Leslie Morgan Steiner’s memoir details how she was assaulted 20 times before leaving her abusive marriage. In a Q&A with Newsweek she says: “I thought it only happened to poor women with children and without options.”
A lot of people assume that I must have had really low self-esteem at the time, but it wasn’t that. In some ways, I was too confident. I had just graduated from Harvard, which some people thought was a big deal, and I had a great job at Seventeen magazine and a New York apartment and I was meeting men everywhere. I was on top of the world. When I met my future husband, he told me about his very abusive childhood, and I never really doubted that I could help him. I was very naive in that way. I didn’t realize what kind of psychological problems this kind of history could create. He was my first love, and I threw myself into loving him unconditionally.
Steiner’s situation was incredibly sad, and her statements offer a clear view of the psychology and thoughts women in domestic violence scenarios often have. For instance, she talks about keeping the abuse a secret from her friends:
With most people, I would work to hide it … I also think I knew that the minute I told people, the jig would be up. I would have to leave the relationship, and I was not ready to do that.
In addition, when Newsweek asks: Did you ever blame yourself for what was happening? Steiner reponds:
I didn’t blame myself for him being abusive, and I never felt like I deserved to be hit. But I blame myself for staying. It would have been easier if I had told people the first time it happened. But I didn’t. By waiting until it had happened 20 or 30 times, I was afraid everyone would think I was pathetic that I let this go on for so long.

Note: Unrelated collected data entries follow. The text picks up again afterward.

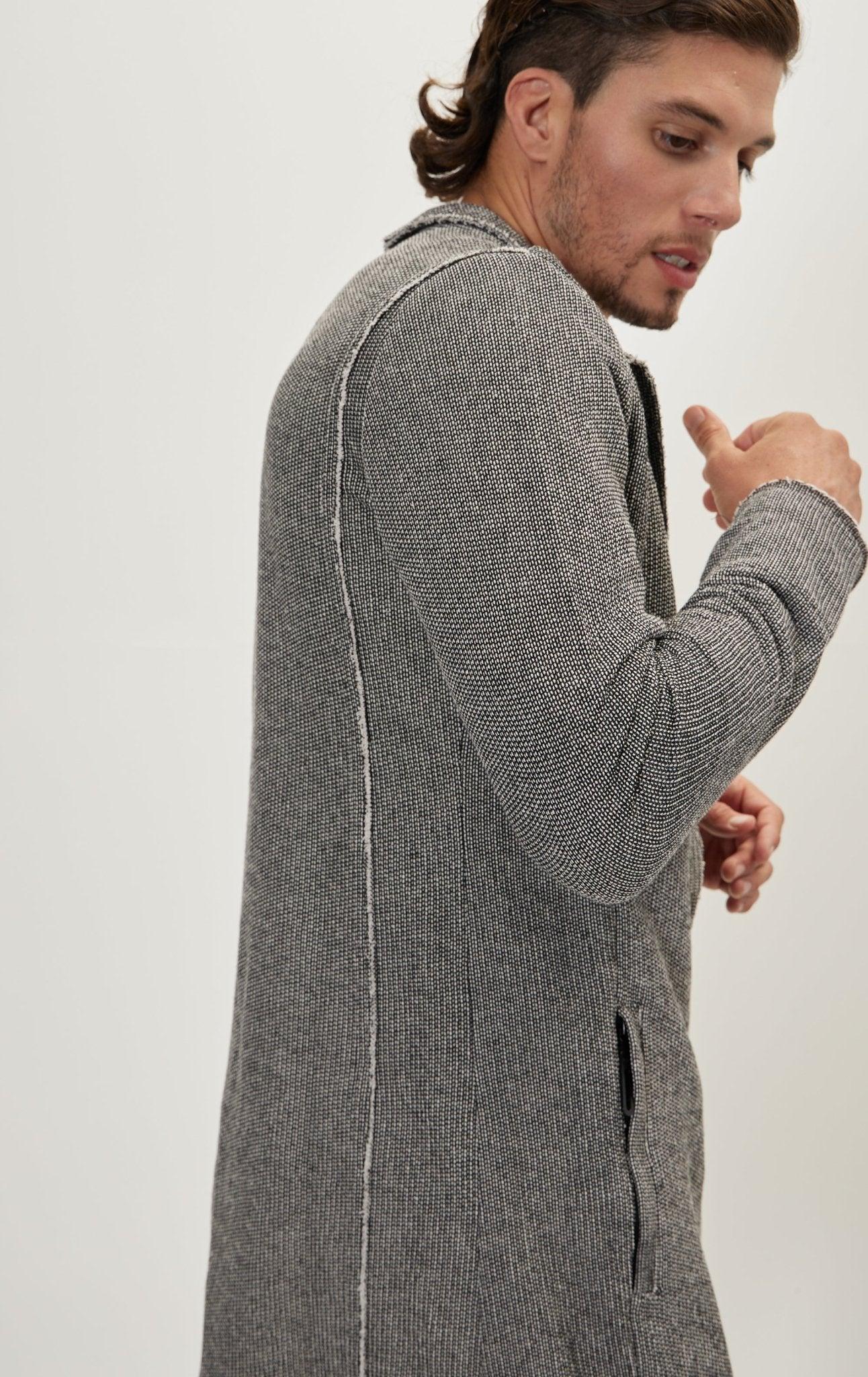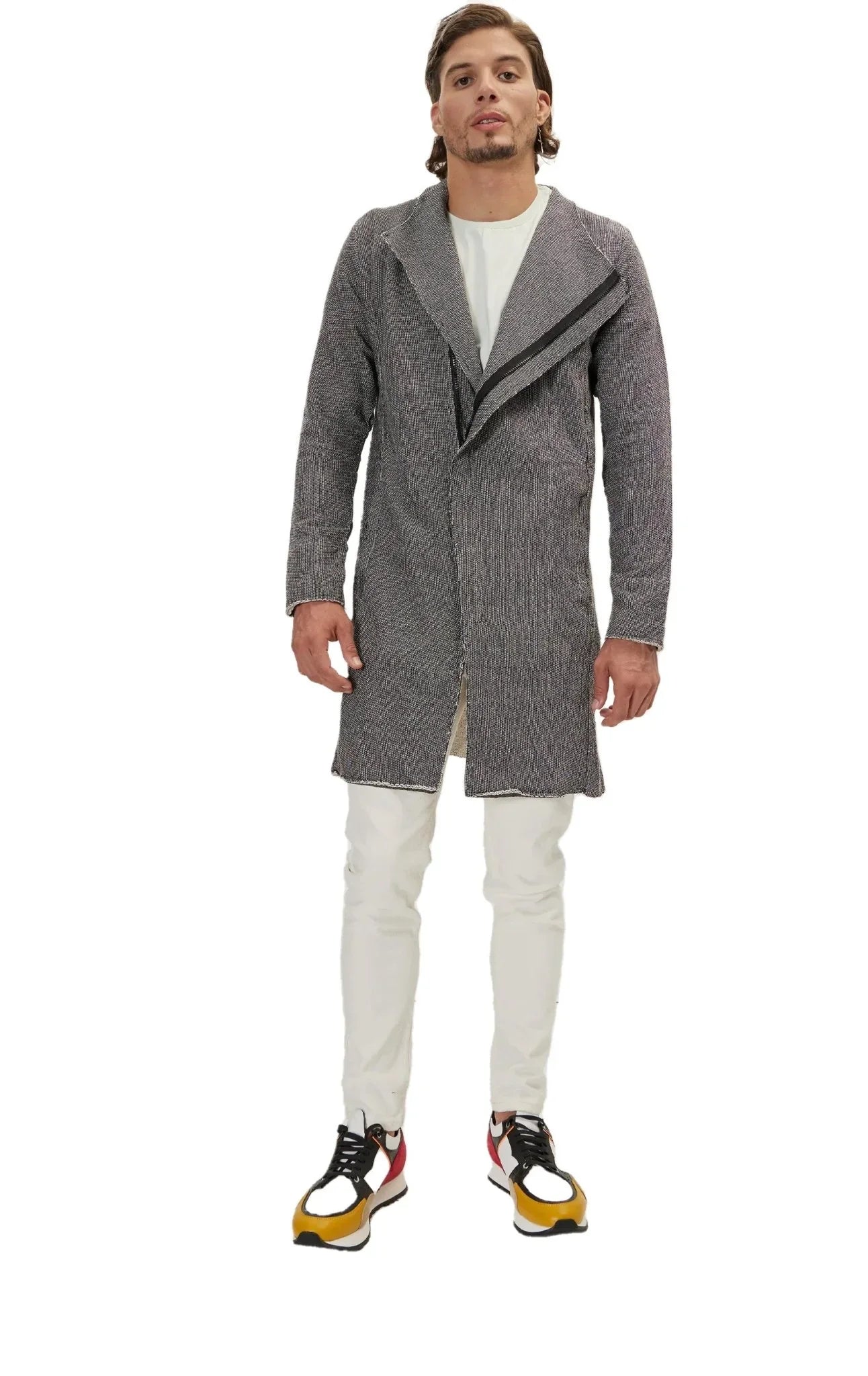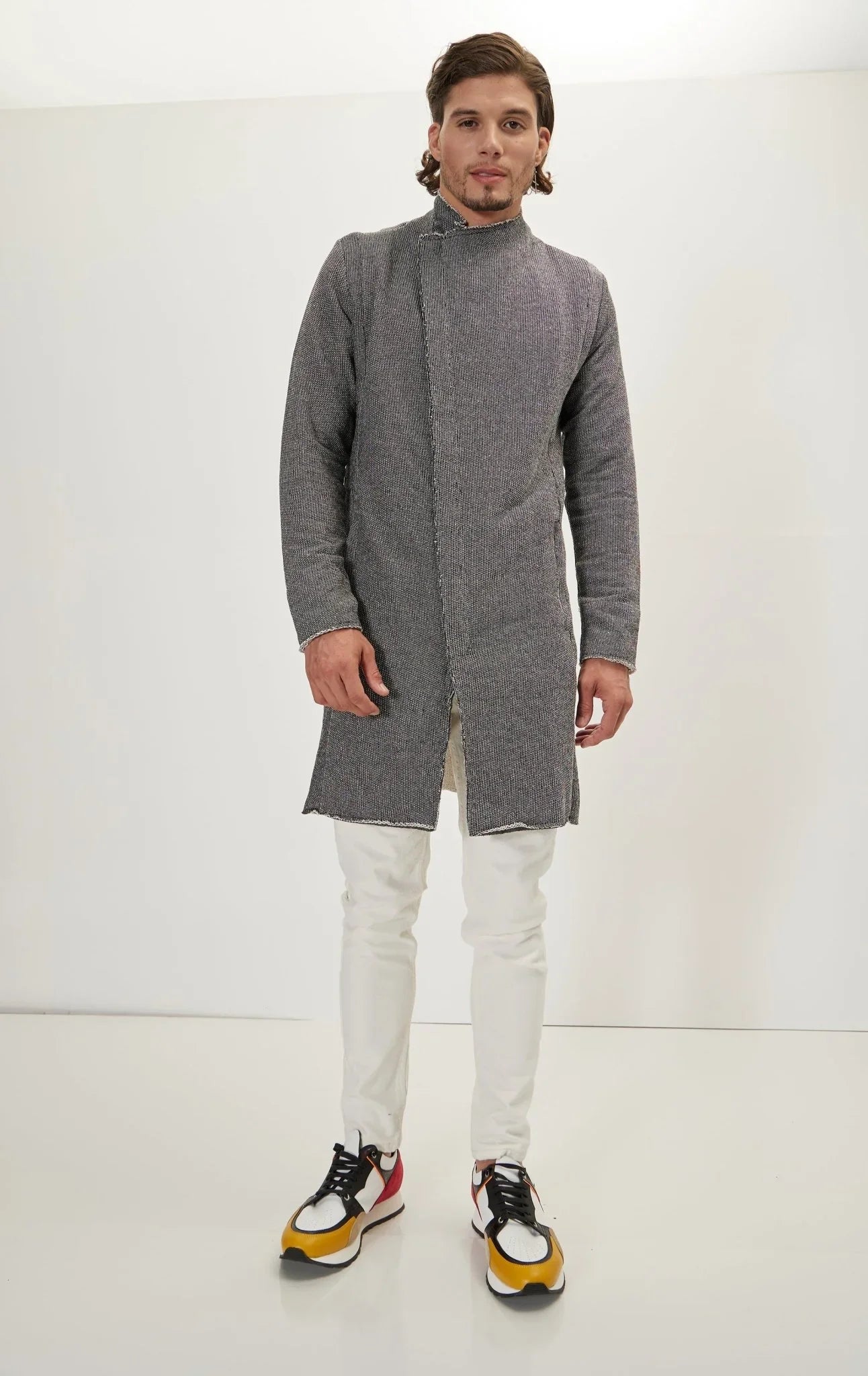 Introducing the Ron Tomson Rebel Long Cardigan, a stylish and sustainable addition to your wardrobe. Crafted from a blend of recycled cotton and polyester, this long-line asymmetric cardigan embodies both fashion and eco-consciousness.
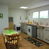 The open plan kitchen is well equipped with ample crockery and cutlery and contains a full size electric cooker, microwave, dishwasher, washing machine and fridge-freezer.
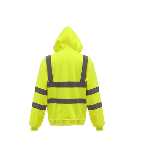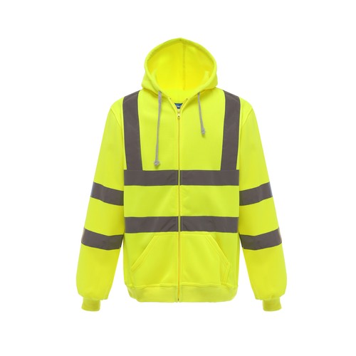 RDT3287795Sweat grand zip. 2 bandes verticales et 2 bandes horizontales réfléchissantes cousues de 5cm. 2 bandes réfléchissantes sur les manches. Poignets et ourlet en bords côte. Capuche ajustable par cordon. 2 poches frontales. Double surpiqûre. Conforme à la certification EN ISO20471:2013 Class 3. Hi-vis orange également conforme à la spécification GO/RT 3279.
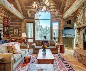 - This 6,000 square-foot log rustic retreat features one-of-a-kind Black Forest, Adirondack and mountain country antique pieces among the many amenities. Amidst the glorious Rocky Mountain views, this unique lodge boasts six bedrooms, six bathrooms, a large open kitchen, living and dining room area and three fireplaces. The lodge is situated on three levels and offers plenty of space and privacy for large groups and families.
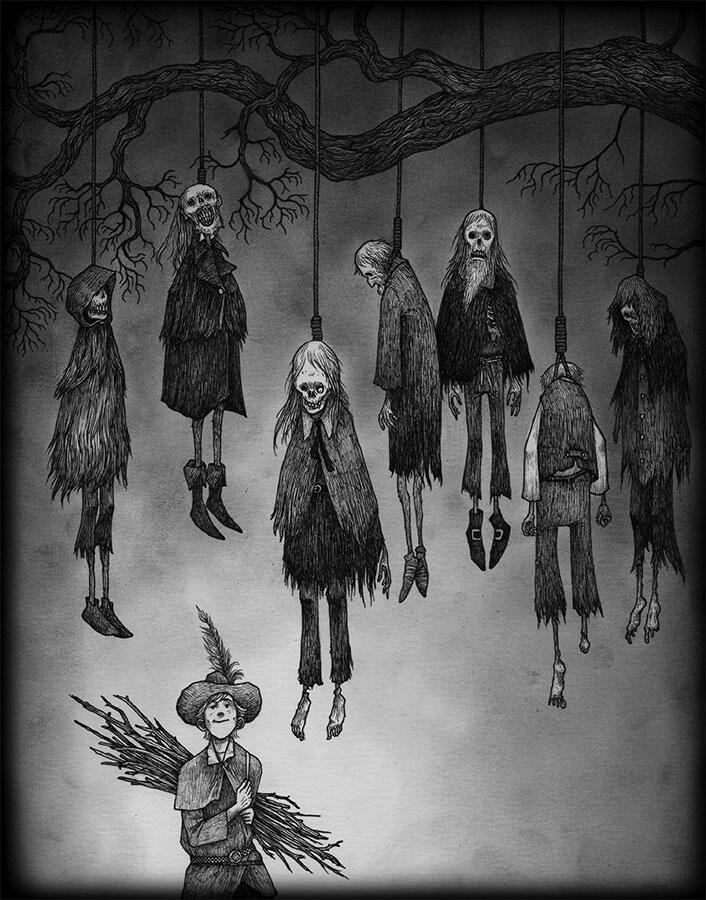 Бояться, повторил возница, почесывая затылок. Хоть и чудно́е желание, да ладно, я его с легкостью исполню. Видишь вон то дерево? он указал трубкой на большое дерево чуть поодаль. С его веток что-то свисало, но что именно, издали было не разобрать. На нем болтаются семь висельников. Разбойники, убийцы и того хуже. Устройся под ним и дождись ночи. Вот тогда твое забавное желание исполнится. А я приеду завтра за деньгами.
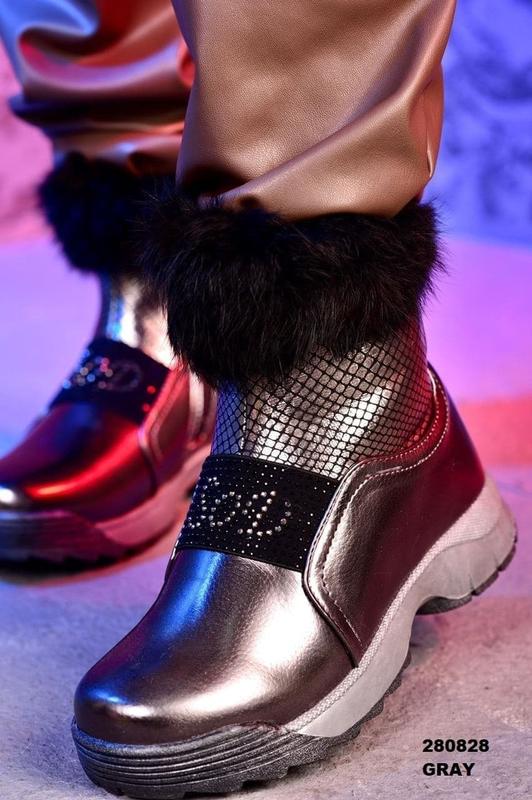 Зимние детские сапоги на девочку. Сверху эко-кожа, внутри искусственный мех. Легкие, теплые, удобные. Есть мембрана предотвращающая попадание снега в замок. Цвет: серый глянец. Высота подошвы 2см, пятка 3см. Размер 32 (стелька 21см) Размер 33 ( стелька 21,5см) Размер 34 (стелька 22см) Размер 37 (стелька 24см)
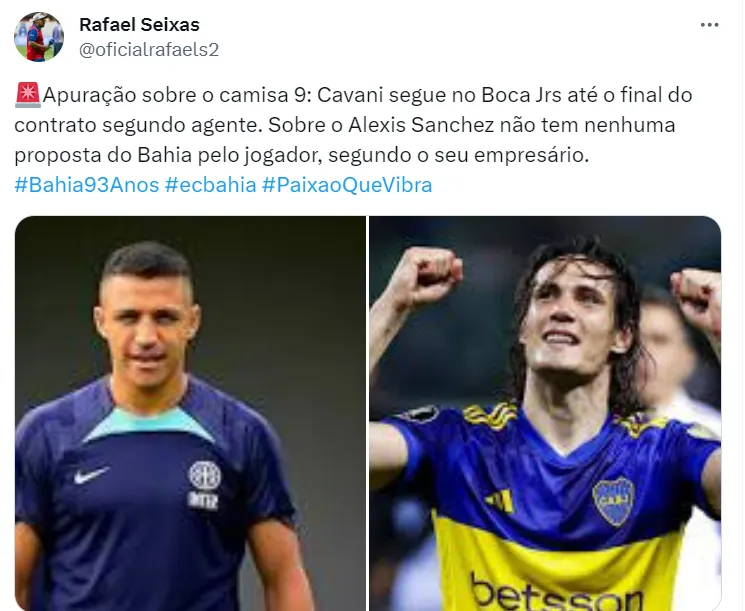 Outro nome que vem sendo especulado como possível reforço do Bahia é Cavani, do Boca Juniors. Todavia, a chance de acordo é quase nula, uma vez que ele tem contrato a cumprir.
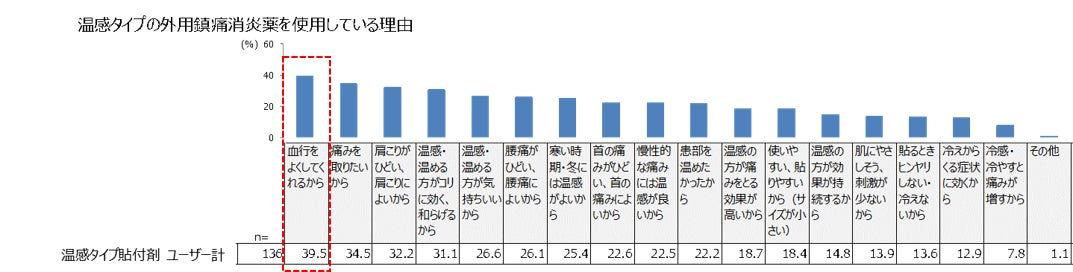 20~60代の男女を対象に当社が実施した調査(*1)によると、1年以内に外用鎮痛消炎薬を購入した人のうち約5人に1人が温感タイプを購入していることが分かりました。温感タイプを購入している人は、「効果の高さ」を期待している一方で、「血行をよくしてくれる」なども期待して使用する傾向にあることが分かりました。
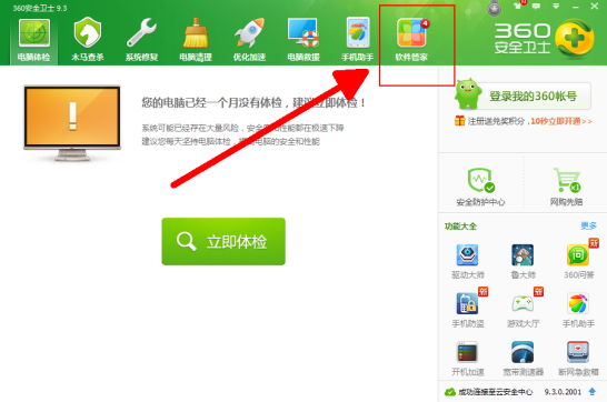 打开360安全卫士,选择“软件管家”,出现软件管家的活动框界面。
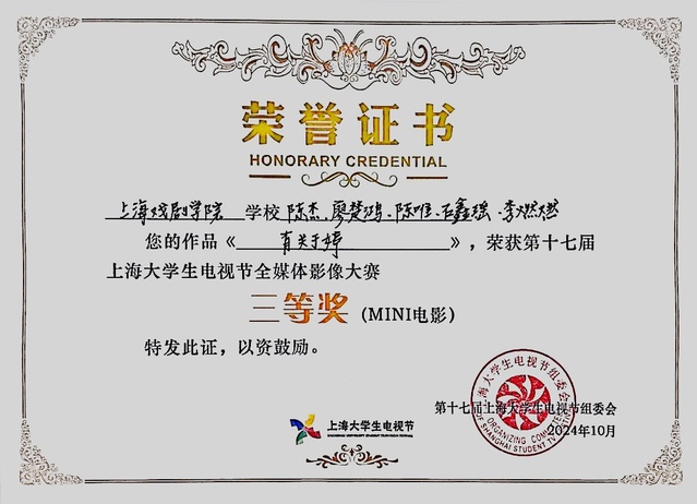 在“第十七届上海老员工电视节全媒体影像大赛”中,77779193永利孙谦同学凭借作品《火锅》一举拿下了最高奖——紫丁香大奖。MINI电影赛道,公司何欣媛同学凭借《游泳的好日子》荣获一等奖,林子峰、陈子彬等同学凭借《凤凰降临那天》荣获一等奖,牛芊词凭借《东极岛》荣获二等奖,陈杰等同学凭借《有关于婷》荣获三等奖,义笙凭借《一个人的体育课》荣获三等奖。
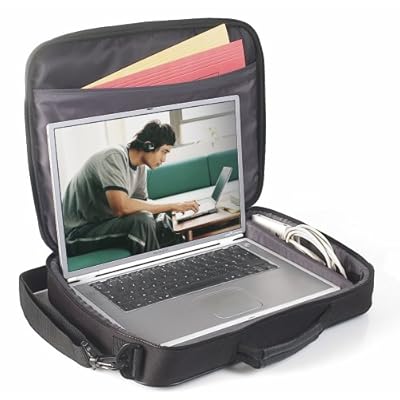 I ordered this carrying case for my 17" laptop, and I am delighted with the storage capacity and quality. There is plenty of laptop room with a couple of inches of width to spare, and there's an adjustable padded strap inside to keep it from sliding side to side in the excess area. There is also a velcro strap to hold the laptop firmly in place when it and the case are closed. As others noted, I can zip open the case and use the laptop without taking it out, a feature I was particulary looking for. The case is well padded, and has plenty of pockets that add storage but not bulk. There's not enough space for anything thick like textbooks, but flat notebooks, folders, or small books would easily fit. One of the pockets has loops and pockets to hold pencils, calculators, business cards, and other small items. The bag has a handle and a detachable shoulder strap. This is a great case and the price was far below what I expected to pay for anything like it.
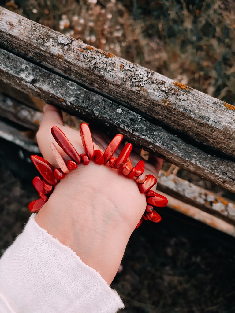 Стильний незвичний браслет з червоної натуральної яшми з колекції "Сучасна українська автентика".
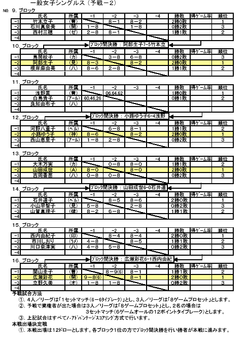 一般女子予選:9−16ブロック

Some people might find it hard to understand why a woman would not leave a man who physically injured her, and while Steiner isn’t completely clear about her reasons (she does say violence doesn’t happen on a first date, but instead when you’re already “trapped” in a relationship), it does seem that she has learned from her experience:
I hope so much that other women won’t ignore the red flags like I did. When he choked me during sex, I ignored it. His early possessiveness, I ignored it. I didn’t realize that things would get much worse… Love can’t fix a violent person. The only thing you can do is leave.